Understudy – Teach a Desktop Agent by Demonstrating a Task Once

Understudy, a new open-source macOS agent from Understudy AI, skips the workflow configuration that makes most desktop automation tools a slog. You show it a task once; it handles it from then on. The project ships under the MIT license and is available on npm.

It runs across the GUI, browser, shell, file system, and seven messaging platforms — Telegram, Slack, Discord, WhatsApp, Signal, LINE, and iMessage — from a single agent loop, with no separate integrations required.

The design separates two problems that computer-use agents often blur together: deciding what to do, and finding exactly where on screen to do it. A dedicated grounding model handles the targeting half, using crop refinement and retry logic to land accurately on ambiguous UI elements and icon-only controls. The project reports 30/30 on its internal benchmark, though how that benchmark holds up against real-world UI diversity is a question the documentation doesn't fully answer.

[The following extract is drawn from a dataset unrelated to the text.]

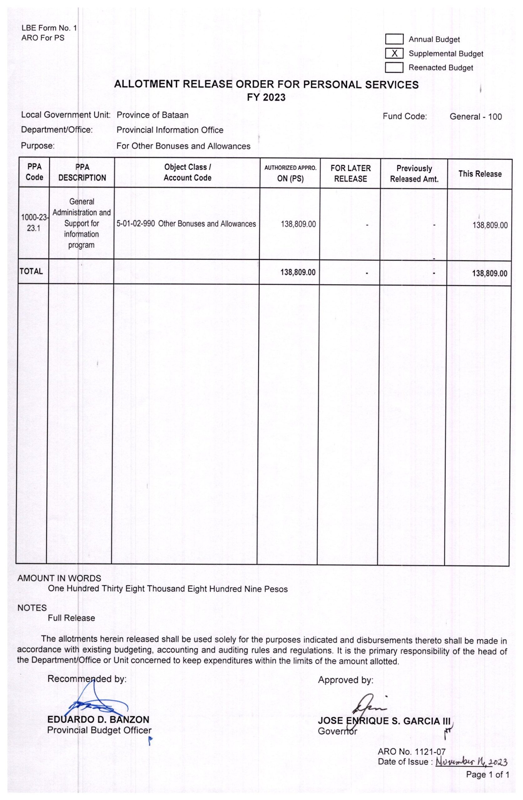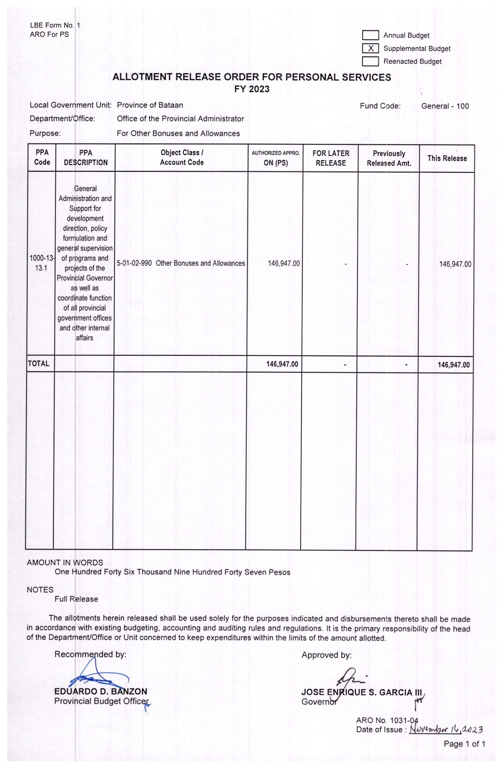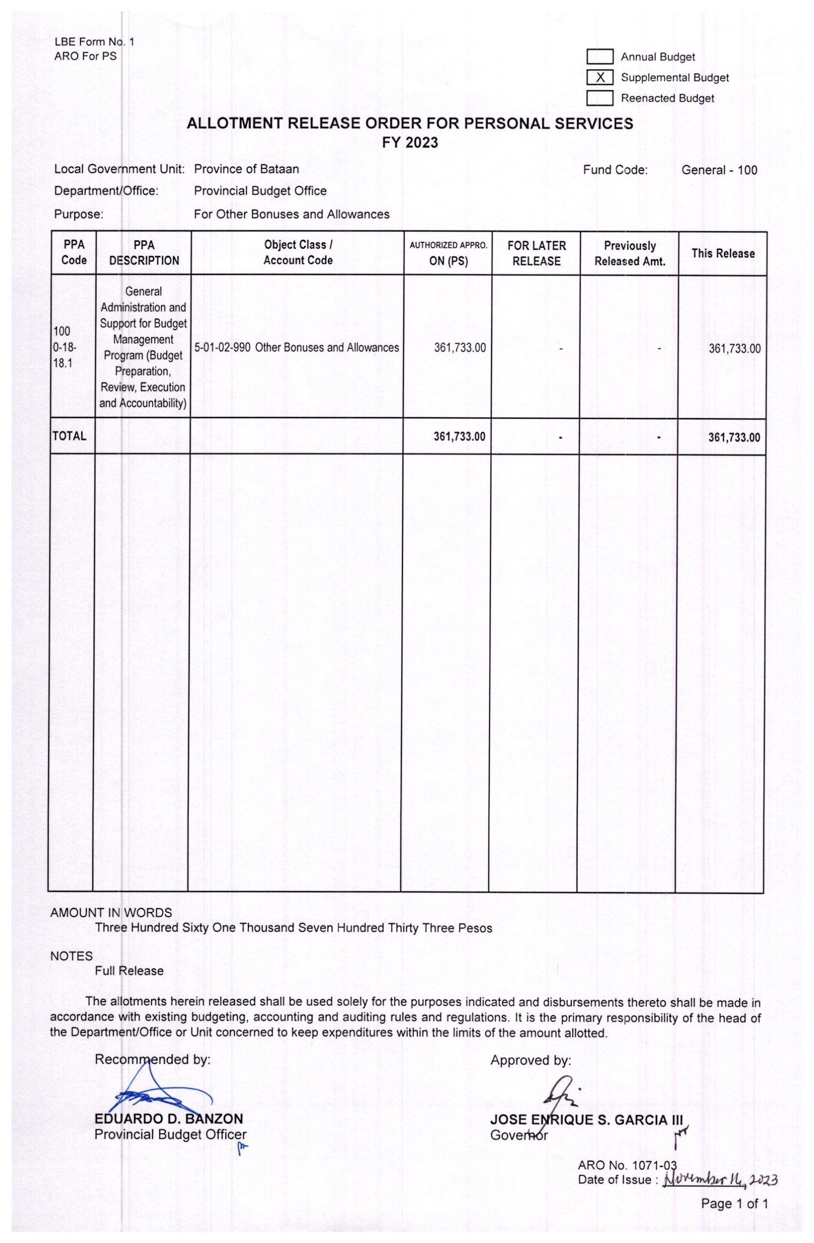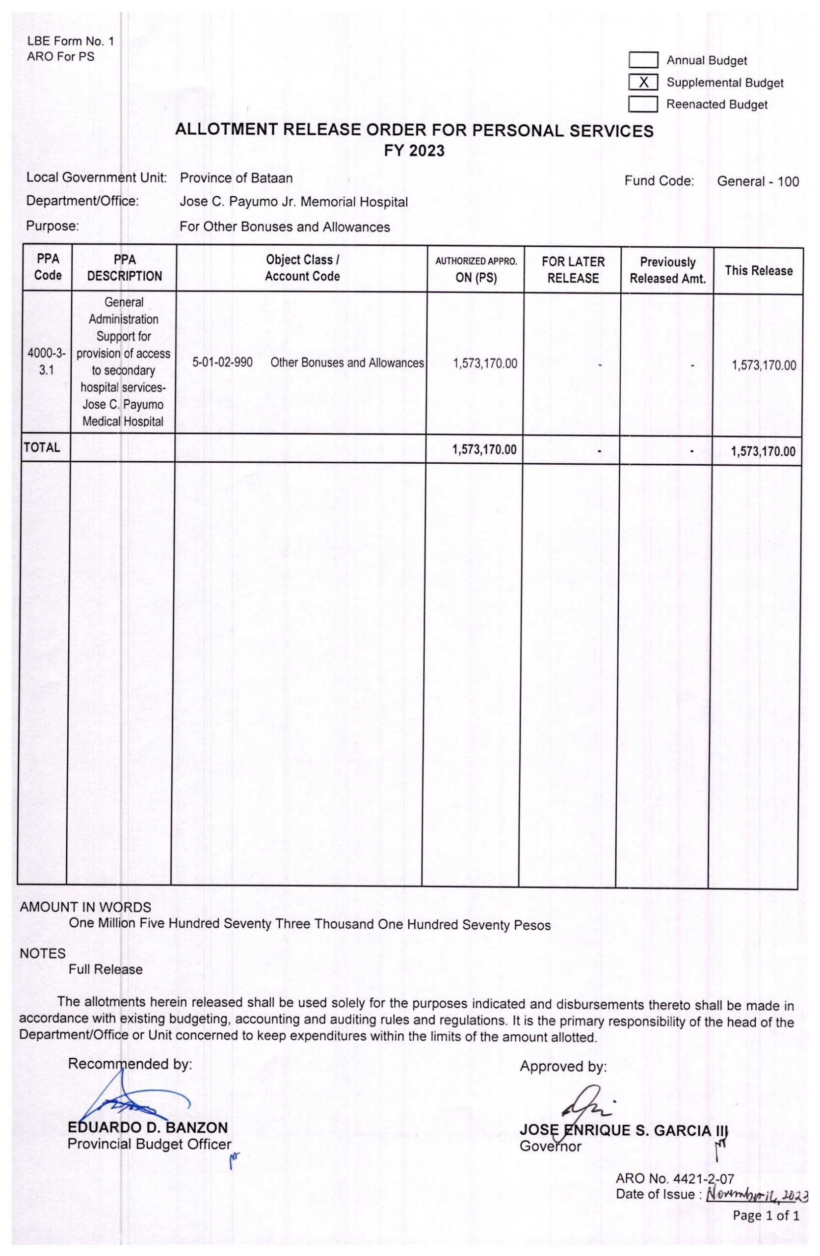 Allotment Release Order FY 2023

Demonstrations are captured as two parallel tracks: a screen recording and a Swift-based semantic event stream. Rather than replaying these as a fixed script, the system analyzes them to extract intent, parameter slots, and success criteria, writing the result to a human-readable SKILL.md file. Because skills are re-grounded against live screenshots at runtime rather than locked to pixel coordinates, they should survive the UI updates that routinely break conventional macro automations.

The project is built around a five-layer roadmap. Layers 1 and 2 — running software natively and learning from demonstrations — are fully shipped. Layers 3 and 4, covering persistent memory and route optimization, are partially implemented. The route optimization piece is worth watching: as the agent accumulates experience with a given task, it's designed to graduate from GUI replay toward faster execution paths through CLI, direct API calls, or browser automation. Layer 5, proactive autonomy, is the stated long-term direction.

Understudy supports multiple model providers. Its documentation is bilingual and it has an active Discord community. The field it's entering is crowded — Anthropic's Computer Use, Microsoft's Copilot agent efforts, and a growing list of open-source tools all cover overlapping ground. But requiring users to do nothing more than demonstrate a task once is a meaningful point of difference, and a deliberate one.